In the city where I live, there is a genuine anti-hero who is almost legendary. My daughter was at one of those open mic events and someone read this from the podium.
I'm willing to say it's genuine because the guy hasn't been heard from in at least a year. He was active here for 30b years and, then, nothing.
If you have a moment and are a Cynthia Erivo fan please read it. I'm not moved easily. This did it. Sorry it's so long:
What follows is not a movie review. It isn’t an ode to an actress. It isn’t a confession of fandom or late-in-life softening. It is the account of a dam breaking.
For nearly fifty years, I did not cry.
Not when my father chose me out of four boys to take the brunt of his rage. Not when a hairbrush whistled through the air and found my backside over a missing piece of candy I did not take.
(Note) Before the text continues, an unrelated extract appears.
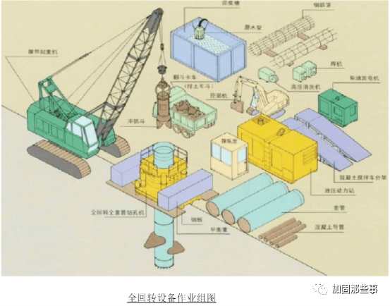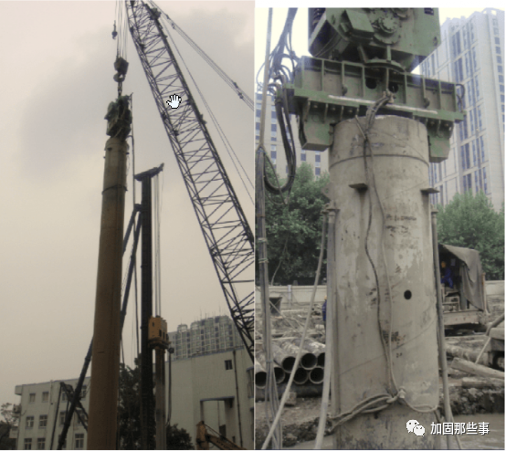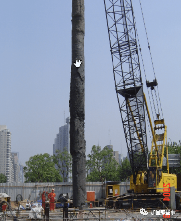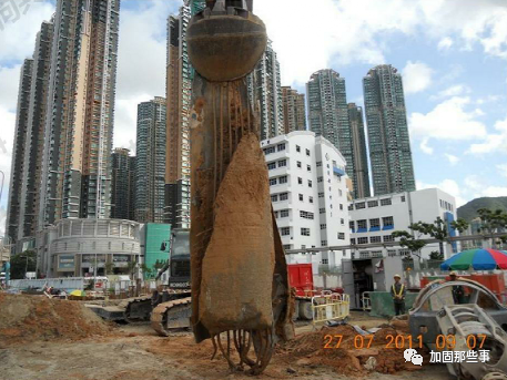 ![]() 地下清障拔桩施工方法介绍 ![]() 在目前大规模城市改造中,有时往往需要对原有桥梁、市政设施、建(构)筑物进行拆除,包括原有桥梁、市政设施、建(构)筑物的桩基,如何拔除深埋于地下的桩基(包括预制方桩、预制PHC管桩、钻孔灌注桩等)呢?本文介绍两种常用的施工方法。 一、全回转钻机拔桩方法 ![]() 1、工作原理 ![]() 全回转钻机处理地下障碍物技术属于日本套管旋转挖掘式套管工法。此工法的出现,实现了土木技术人员在有砾岩土层、各类桩基础、钢筋砼结构等障碍物完全没有清除的情况下就地实施灌注桩、置换桩、地下连续墙和顶管、盾构隧道无障碍穿越各类桩基础的可能。 全回转钻机动力设备夹紧套管进行360°回转钻进,在压入力和扭矩的共同作用下将套管压入土层深部,首节套管带合金刀头在钻进同时切割障碍物。在套管内部重锤对套管内的大体积混凝土障碍物进行破碎,用冲抓斗清除桶内土体和障碍物,抓斗有两扇可以活动的斗叶,在整个冲抓过程中斗叶在闭合与张开两种状态之间转换,实现破碎和抓取。 该设备定位快捷、准确,铅直精度高,施工速度快,噪音低,无污染,是一种新型的清除地下障碍物施工工艺。 2、主要施工设备 ![]() 全回转钻机(超级工法、Super Top工法》:整套设备包括全回转驱动装置、液压动力装置、套管、冲抓斗,为实现对切割后的大体积混凝土进行破碎,还配有液压重锤和铅锤。履带吊机、挖机(带镐头)。 ![]() ![]() 3、施工工艺 ![]() ![]() ![]() ![]() (1)场地准备:因拔桩设备均为大型设备且回转钻机在拔桩过程中产生较大反力,若工作面地基不稳定则会对施工质量及安全产生很大影响,因此对拔桩区域场地要求较高,需采用钢筋砼地坪硬化。 (2)挖出老桩并暴露; (3)将全回转钻机置于桩上,套管套住桩; (4)利用动力将带切削刀头的套管回旋切削压入岩土至旧桩桩底下1m; (5)拔桩:将锁口管与旧桩桩头连接,随后用全回转钻机顶拔力起拔连带桩的锁口管,当桩松动后起拔力会迅速降低,然后用吊机将桩直接拎出。若桩无法整根拔出,则采用重锤对桩进行破碎,然后用冲抓斗抓取取出套筒外,直至全部清除干净。 ![]() 全回转钻机及套管 ![]() 全回转钻机及冲抓斗 ![]() 冲抓斗(一) ![]() 冲抓斗(二) ![]() 冲抓斗清理旧桩 4、方法特点: ![]() ![]() ![]() ![]() (1)安全可靠,对周边土体扰动小 全回转清障拔桩施工工法在钢套管内进行清障拔桩及回填施工,对地下原状土不破坏或破坏小,对地下土体不产生扰动或产生很小的扰动。由于钢套管对孔壁的支撑,在钢套管周边的土体应力尚未释放时,就已经将障碍物清除并及时回填,对周边的构筑物无影响。 (2)施工速度快、质量高,且适用范围广泛 该方法可根据工程需要进行各类拔桩清障施工,如各种形式、各种规格、环境复杂、各种难度的旧钻孔灌注程、预制桩、预应力管桩、地下残留旧钢筋混凝土、块石等障碍物。 (3)风险小、能够确保后续工程施工 该方法进行切割清障或将旧桩完整拔除,一般情况下能顺利达到施工目的。即使遇到特殊情况,采用履带式起重机悬挂小型液压冲抓斗进行钢套管内将剩余的断桩或障碍物抓出,100%确保清障彻底。 (4)节能环保、优质高效 在拔桩的过程中,不会产生任何泥浆,且施工设备低噪音,施工速度快,且能保证施工质量。 (5)快速经济、降低工程造价 本方法清障拔桩是钢套管360度旋转切割切削,相比其他施工方法,受环境因素限制小,无需增加其它辅助设施,清障拔桩的施工效率高、风险低,具有良好的经济效益。 二、全套管无损减摩拔桩方法 ![]() 1、工作原理 ![]() ![]() ![]() ![]() 全套管无损减摩拔桩工法属于传统的拔桩方法,其原理是利用液压变频振动锤将钢套振动沉入,沉入深度超过原桩长后通过减少或解除桩侧土体摩阻力后将旧桩整体吊出,以外侧套管作为护壁,内侧采用高压水幕气幕,将旧桩周围的土体及障碍物切削后实施土体分离减摩,在旧桩拔出时只需考虑桩的自重,无需再考虑桩周国的摩阻力,利用钢套管将钢丝绳送到离桩底2m左右位置锁牢后用大吨位吊机将旧桩拔除。使用该方法拔桩施工,内侧减摩和整体吊桩是施工关键。由于该施工方法拔桩是用钢丝绳在底部吊拔,能将整桩拔出,既安全又快速。 2、主要施工设备 ![]() ![]() ![]() ![]() 采用大于旧桩直径的的钢套管(≥Φ1000直径),主要设备包括: (4)辅助下沉设备,用于钢套管下沉时喷水和气冲洗切割桩周土体; (5)泥浆泵,用于淤泥及泥浆处置。 3、施工工艺 ![]() (1)挖出老旧桩桩头并暴露,找出桩的中心; (2)用吊机将钢套管套在老桩桩头上,注意钢套管中心应与老桩中心对中(这样避免由于中心偏位、老桩轻微扩径,即出现钢套管就遇扩径混凝土无法下沉的现象); (3)用振动沉管设备将钢套管振动压入土壤中(考虑到下沉时的阻力,采用高压射水辅助下沉,水管和高压气管直接焊在钢套管壁上),沉管要控制下沉速度,随时纠正垂直度; (4)高压射水、喷气清孔,在下沉过程中,开启空压机及高压离心式水泵进行套管内桩外侧泥土冲刷清洗至桩身独立被剥离出来。最后单开高压6m3气压将管内泥浆水随气流全部溢出套管; (5)吊机吊出桩体; (6)套管内回填水泥土,将掺入7%水泥的土体进行现场拌和,回填至套筒中。 (7)启动固定在钢套管上的振动锤,使用履带吊吊起边振动边拔起钢套管。 (8)桩孔堆土预压2米,3天后卸载;旧桩处

Not when I screamed so hard, my throat burned and my grandfather sat in the next room pretending not to hear. That was the last time tears came easily. I learned something that day, wrongly, but thoroughly that tears are dangerous. They invited more blows. They proved weakness. They accomplished nothing.
So, I locked them away.
I did not cry when I was shot for standing up for a man who loved differently than their neighbors thought they should. I did not cry when I was stabbed for standing up to a bully who had made a sport of humiliation. I did not cry when my father drank himself into a smaller and more violent version of a man. I did not cry in a prison cell after taking the fall to protect someone who I thought loved me but would later walk out of my life without a backward glance.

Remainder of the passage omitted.